In UTF-8, a 3-byte encoding uses 8-bits as part of the encoding, a full byte worth of bits for the encoding itself, leaving only 16-bits for the codepoint. If you need higher code-points you need to use 4 bytes, where 11 bytes are the encoding and 21 bytes are the codepoint.

So UTF-8 is space efficient for ASCII, but ~1/3 of the bits are used for the encoding in for non-ASCII, versus a fixed 1/8 of the bits used for the encoding above for all 1-3 bytes. The above has a fixed 12.5% space overhead over raw codepoints. UTF-8 has 12.5% only for ASCII, and ~33% overhead for everything else.

Although it is not self-synchronizing like UTF-8, you can synchronize a reliable stream by holding a buffer of the previous byte. If the previous byte's value is >=0x80, the current byte is part of the same character.

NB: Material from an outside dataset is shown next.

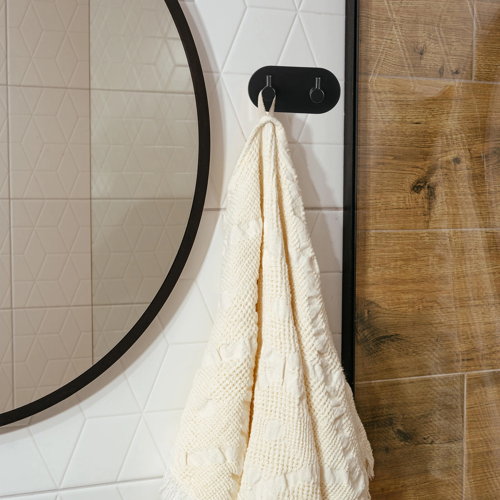 Un cârlig dublu autoadeziv practic și elegant, din metal, în culoare negru mat, potrivit pentru băi, holuri și bucătării. Datorită stratului autoadeziv puternic, se montează ușor fără găurire și fără a deteriora faianța. Dimensiunile compacte 9,5 × 8 × 4,5 cm și două cârlige robuste asigură ordine pentru prosoape, halate sau chei.
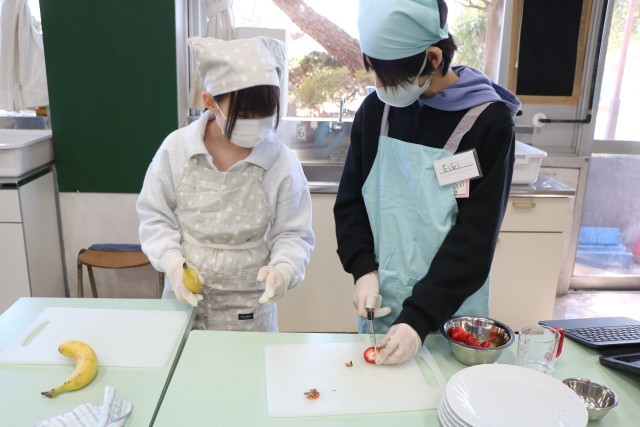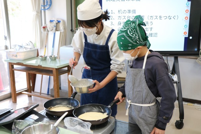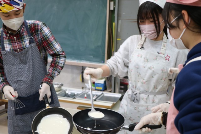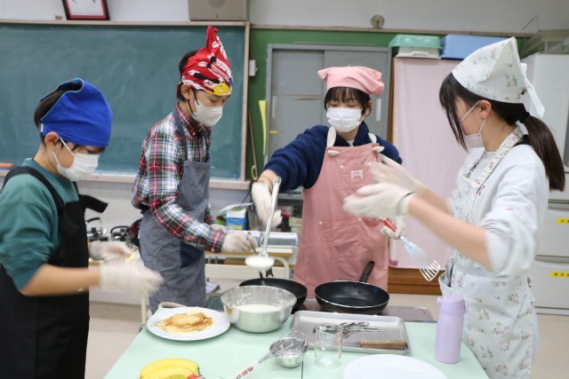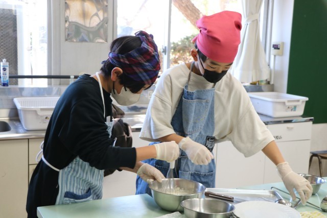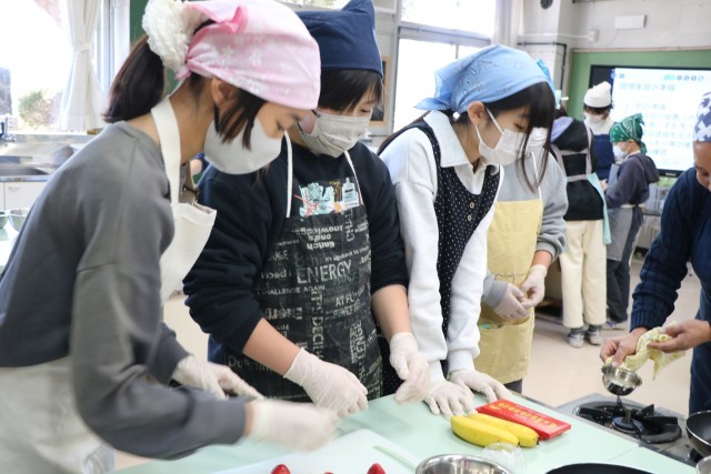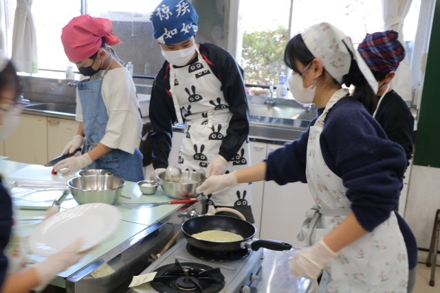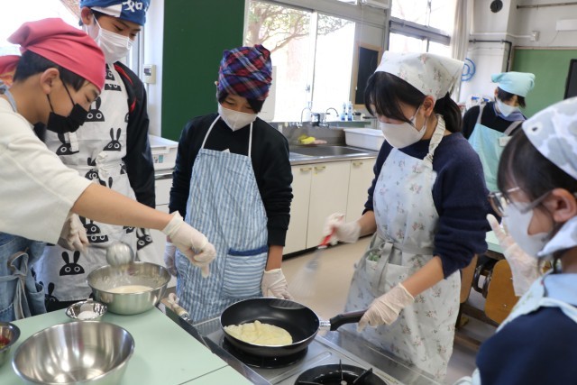 6年生家庭科、こちらも「おやつ作り」の様子です。6年生は材料はほぼ統一で、班ごとに調べ相談したメニューでおやつ作りに挑戦です。

If it's <0x80, the current byte is the start of a new character, so it's still possible to do substring matching etc, fairly efficiently but slightly less efficiently than UTF-8. It makes it suitable for file storage, but not ideal for transmission.

That said, most sane protocols will prefix a string with a length (in bytes), so self-synchronization is not always an issue.

I read this as colloquial English for "around" or "approximately". Not setting a bound limit, but setting an example size.
But you also read it as referring to ZWJ sequences? So the author has picked a number that is actually below average and they've worded it as up to...?

Saying a ZWJ sequence can be "up to 5 bytes" is like saying "the current generation of Intel processors run at clock speeds of up to 2 GHz".

If they were referring to ZWJ sequences (I don't think they were; I think they were just misremembering the maximum encoded length of a codepoint) and they had said "up to 35 bytes", then I might agree with you. It's still not technically accurate, but it's a reasonable colloquial usage, like saying "human males can grow up to seven feet tall".

I think you are trying to read something that wasn't meant to be technical documentation as if it was trying to be exact technical specifications. I'm not the original author, so I don't have reason to litigate this any further, and I'm not sure what you are arguing about at this point.
You've now replied to me up to 2 times.
Sorry I meant codepoint/characters, but it would not suprise me if there existed an encoding or language where my wording would be technically correct, but I do not know of any such encoding. I also did not know that there exist more then 5 combinations in Unicode, but I'm not supprised and my implementation is probably buggy. But I do challange you to test how well your favourite editor (terminal emulator cough) handles Unicode emojis.
UTF-8's original specification included 5-byte and 6-byte encodings to cover the complete astral plane (31-bit code points), but later specifications have marked those "invalid" today due to the current 21-bit limit of UTF-16 and to align both specifications for now rather than fix the bugs in UTF-16 (or scratch UTF-16 altogether). In theory, UTF-8 can even extend beyond 6-byte encodings (and UTF-32 into 8-byte encodings and beyond) if the next plane (63-bit code points) or the one after that ever needed to open up. (No one expects that any time soon, of course. Today Unicode is nowhere close to in danger of filling 21-bits much less 31. That would be a massive shock and the compatibility headache would be terrible with UTF-16 breaking or today's software breaking that hard codes the assumption that UTF-8 should never go past 4-byte encodings.)
If it wouldn't surprise you then I think you should recalibrate your feelings about how surprising Unicode encodings are. There aren't very many of them, they haven't changed in a very long time, and they don't deal with any of the stuff that makes Unicode very complicated (collation, combination characters, etc). They just encode 21-bit integers, albiet sometimes in a highly convoluted way for backwards-compatibility reasons (UTF-16). It's not the kind of thing that needs to be estimated, or where a layer of FUD is warranted (as it kind of is with combination characters). When talking of codepoints, it's just "up to 4 bytes", high confidence, nothing more to it.